• any missing or incomplete elements of the code
• any changes made to the original API
• the amount of time spent for this assignment
• suggestions or comments if any
No submission of the above document will lead to a loss of 5 grade points. Also, please add
comments in your code.
In this programming assignment, you need to implement several classes for representing both
relational and non-relational data. You first need to install and run Eclipse on your machine and
import the “hdb data” project (see Appendix A). Please generate an API document (see Appendix
B) and then take a look at that document as well as the source code to familiarize yourself with
this assignment. This assignment provides you with a set of incomplete classes. To see these
classes, choose the “src” source folder and then either the “hdb.data.relational” package or
the “hdb.data.nonrelational” package. You will need to write code for these classes. Your code
will be graded by running a set of unit tests (see the unit tests in the “test” source folder which
use JUnit1
) and then examining your code. For details of running these tests, refer to Appendix
A. Note that passing unit tests does not necessarily guarantee that your implementation is correct
and efficient. Please make sure that your code would not cause problems even in situations not
covered by the unit tests. If you have questions, please contact the TA(s) or the instructor. The
remainder of this document describes the components that you need to implement.
Part 1. Relation Schema (40 points)
A RelationSchema represents the schema of a relation. A RelationSchema contains an array
attributeNames which stores the names of attributes (e.g., { "ID", "Name" }) and another
array attributeTypes which contains the types of the attributes (e.g., { Integer.class,
String.class }).

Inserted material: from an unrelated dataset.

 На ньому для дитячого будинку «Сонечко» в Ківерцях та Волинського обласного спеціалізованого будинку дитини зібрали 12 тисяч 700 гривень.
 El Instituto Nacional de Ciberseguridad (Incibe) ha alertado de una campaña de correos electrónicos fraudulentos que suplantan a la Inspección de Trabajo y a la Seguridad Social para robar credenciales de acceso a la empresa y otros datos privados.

In this part, you need to complete the following methods of the RelationSchema
class:
• size(): returns the number of attributes in the RelationSchema.
• attributeName(int attributeIndex): returns the name of the attribute specified by attributeIndex.

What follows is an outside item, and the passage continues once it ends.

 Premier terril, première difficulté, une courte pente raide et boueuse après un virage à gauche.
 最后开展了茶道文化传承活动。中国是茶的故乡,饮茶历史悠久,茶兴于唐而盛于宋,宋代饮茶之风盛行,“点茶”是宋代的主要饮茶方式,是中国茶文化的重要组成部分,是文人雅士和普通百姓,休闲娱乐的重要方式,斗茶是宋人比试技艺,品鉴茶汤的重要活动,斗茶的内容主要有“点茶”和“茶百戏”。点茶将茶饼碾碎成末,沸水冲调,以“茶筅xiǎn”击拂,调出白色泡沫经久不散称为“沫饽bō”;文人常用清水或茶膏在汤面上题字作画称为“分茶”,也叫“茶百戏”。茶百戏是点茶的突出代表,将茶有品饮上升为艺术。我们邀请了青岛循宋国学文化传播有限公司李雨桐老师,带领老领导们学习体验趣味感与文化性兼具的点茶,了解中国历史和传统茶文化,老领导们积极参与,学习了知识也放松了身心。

If attributeIndex is set to an invalid value (e.g., -1), then attributeName(int attributeIndex)
needs to return an InvalidAttributeIndexException. For example, if array attributeNames
is set to { "ID", "Name" }, then attributeName(0) and attributeName(1) must return
"ID" and "Name", respectively. On the other hand, attributeName(2) must throw an
InvalidAttributeIndexException.
1
http://junit.org
1
• attributeType(int attributeIndex): returns the type of the attribute specified by attributeIndex.
If attributeIndex is set to an invalid value (e.g., -1), then attributeName(int attributeIndex)
needs to return an InvalidAttributeIndexException. For example, if array attributeTypes
is set to { Integer.class, String.class }, then attributeType(0) and attributeType(1)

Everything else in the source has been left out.